In his previous article, expert contributor Mark Whitehorn looked at what we shouldn't consider when selecting and buying a database. In this follow-up, as promised, he offers his expert advice on what we should consider.
In my last article, I made the unlikely assertion that, for average applications, we shouldn't make purchasing decisions about database engines on the basis of cost, robustness, scalability and/or speed. You read that right. These are simply not the issues that they once were. That was all for the "not to do" list, so now here comes the "to do" list.
Having disregarded the aforementioned four criteria, the decider for your choice of database engine should be whatever you specifically want from it -- or want it to do for you. Sounds obvious, so let's expand that idea with a few examples. In all probability, you are not buying an application and database engine solely to store data: there is usually something specific that you want to achieve. There are many technologies that can add functionality to a mere data store, including:
- Data warehousing: Gathering data from disparate systems into a single repository.

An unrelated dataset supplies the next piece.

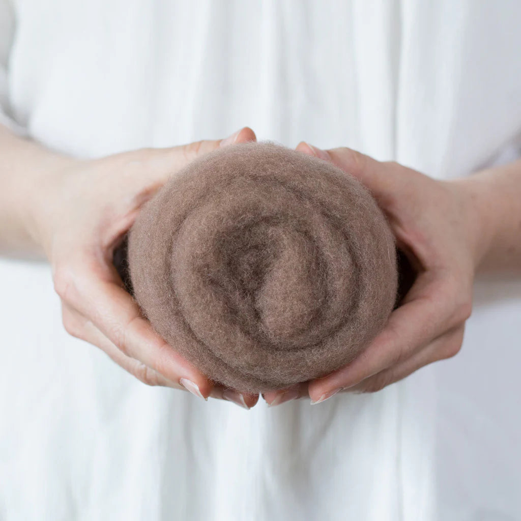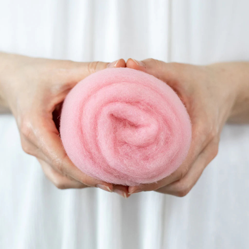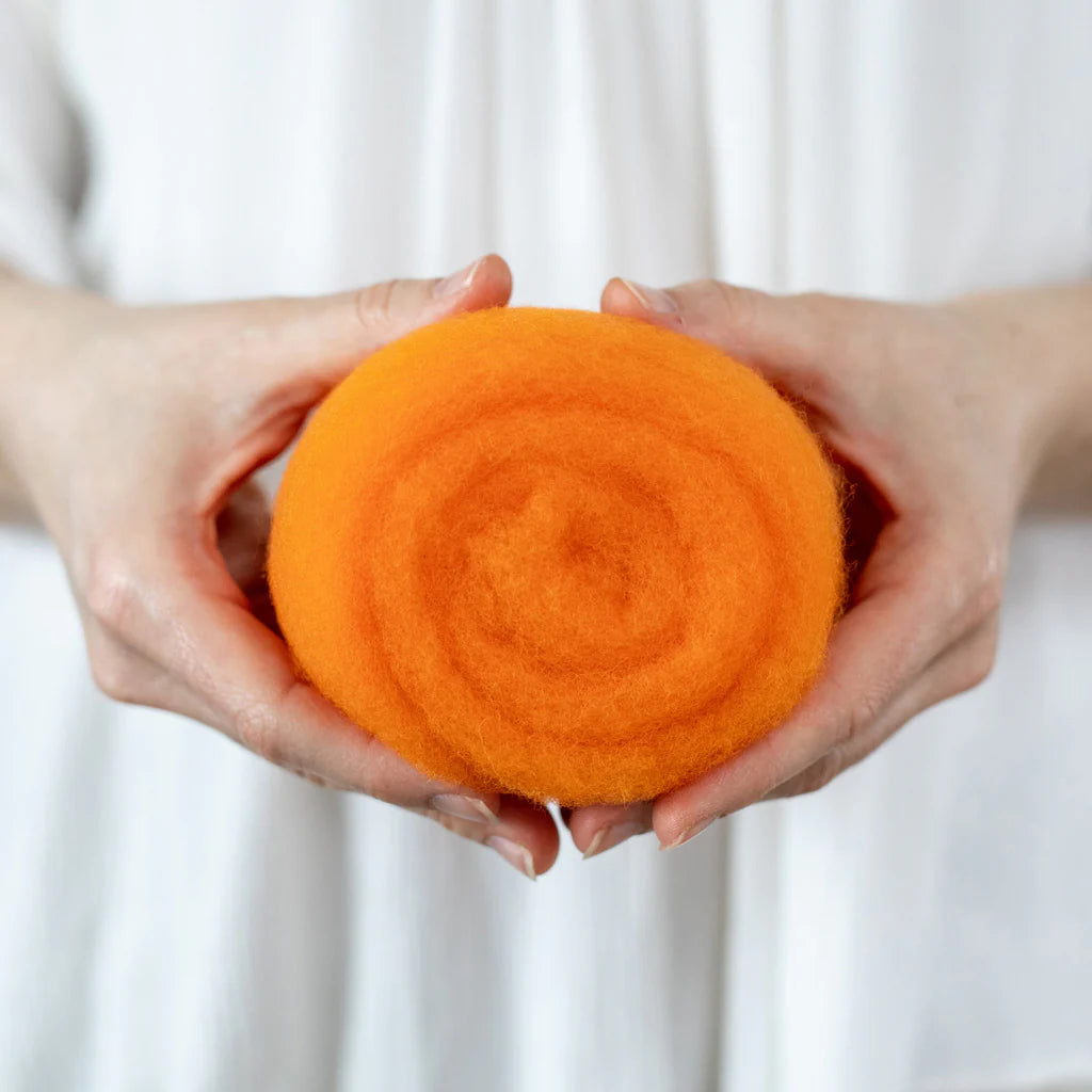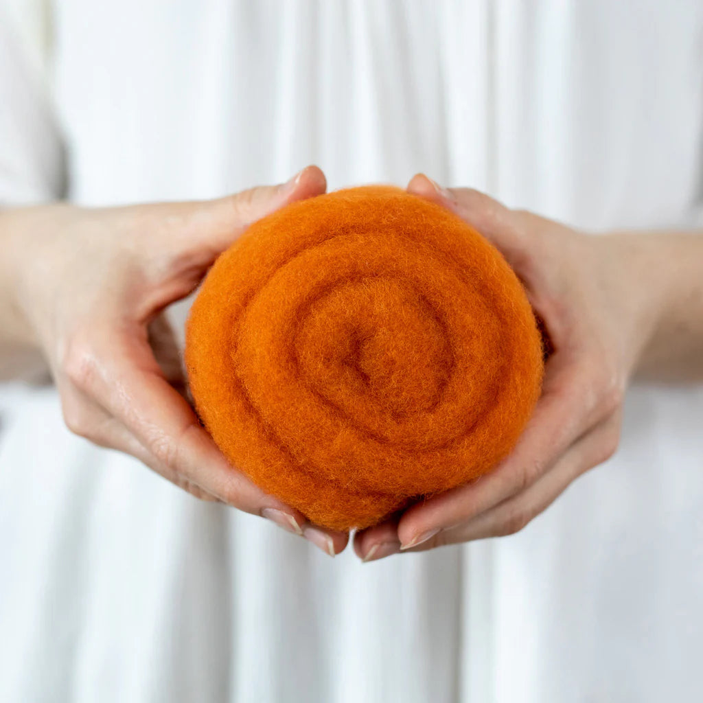This felting Wool is 100% made in USA (including the fiber!) unlike many of the other felting batts on the market. If you love supporting small scale domestic production, you can feel good about this product. 40% of the wool in these batts is merino from Texas, and 60% is a mix of medium grade wool from the Eastern US. It is small batch dyed and carded on a beautiful farm in Central Kentucky.

- OLAP: On-Line Analytical Processing is a way of structuring data in a multi-dimensional form, often called a cube, to facilitate rapid and intuitive analysis.
- Data mining: Algorithms for discerning patterns in data, some of which might be interesting.
- Spatial data: The ability to store and manipulate co-ordinates that describe geographical locations.
- Complex/user-defined data types: For instance, handling XML data.
- File streaming: The ability to store Binary Large Objects (BLOBs) in the file system and yet have the object appear in the database as if held in a table.
- Grid computing: A means of pooling the resources of many computers.
In today's information-hungry world, it is quite possible that you'll have an interest in business intelligence (BI), which is all about finding information in a mass of data (and why would we gather that mass of data if not to unlock the secrets it holds?). The term BI encompasses the first three areas on the above list -- data warehousing, OLAP, data mining -- and more.
This is not an exhaustive list of everything that might interest your organization, but these are all areas where the major database engines can be distinctly different. So once you have identified a feature (or more than one) that is vitally important to achieving your particular goal, you have identified a distinguisher that should heavily influence your choice of database engine. The analogy to buying a car works here, just as it does in the 'how not to…' article: If you really love the idea of driving down the California coast's Big Sur highway with the top down, then you'll scope out all the convertibles, ignoring SUVs, trucks and the rest.
The same holds true in database selection.
For example, if you were interested in BI functions, you would probably look closely at Microsoft because, in recent years, it's put a huge amount of effort into its BI software technologies. With SQL Server, Microsoft includes in the box an ETL (extract, transform and load) tool called Integration Services, essential for populating and managing a data warehouse. Also in the box, you'll find Analysis Services, arguably the world's best multi-dimension database engine.
So I would argue that Microsoft has a good, rounded BI offering. On the other hand, I would also argue that, for example, IBM has a better range of data mining algorithms, so when it comes to BI, the two companies have quite different strengths.
But perhaps you are interested in spatial data? IBM and Oracle have supported spatial data types for years, while SQL Server hasn't quite got them yet: They'll appear in SQL Server 2008 due later this year, and what we'll get will, of course, be version 1.0 of spatial data type support.
Grid computing? Oracle rules here … and the list goes on. Each database vendor has concentrated on the feature set it deems most important, and saleable, and this leads to different levels of support for the various features.
You may, for example, be gearing up to handle XML data, in which case you'll need to carefully evaluate how well each engine supports XQuery -- the language for querying XML data -- and also the XML shredding functionality that each offers.
The point here is not to waste much (if any) of your precious time looking at robustness, scalability, speed or cost -- which, as I said at the outset, are really not the issues they once were. Instead, you should prioritize and focus on the specific areas of database technology and features that will deliver what you want.
Of course, knowing what your organization wants is more than half the battle (and may require some long meetings), but that should ultimately help you to determine which engine is truly right for your company.
About the author: Dr. Mark Whitehorn specializes in the areas of data analysis, data modeling, data warehousing and business intelligence (BI). Based in the U.K., he works as a consultant for a number of national and international companies, designing databases and BI systems. In addition to his consultancy practice, he is a well-recognized commentator on the computer world, publishing about 150,000 words a year, which appear in the form of articles, in publications such as PCW and Server Management Magazine, white papers and books.
He has written nine books on database and BI technology. The first one "Inside Relational Databases" (1997) is now in its third edition and has been translated into three other languages. The most recent is about MDX (a language for manipulating multi-dimensional data structures) and was co-written with the original architect of the language – Mosha Pasumansky. Mark has also worked as an associate with QA-IQ since 2000. He developed the company's database analysis and design course as well as its data warehousing course.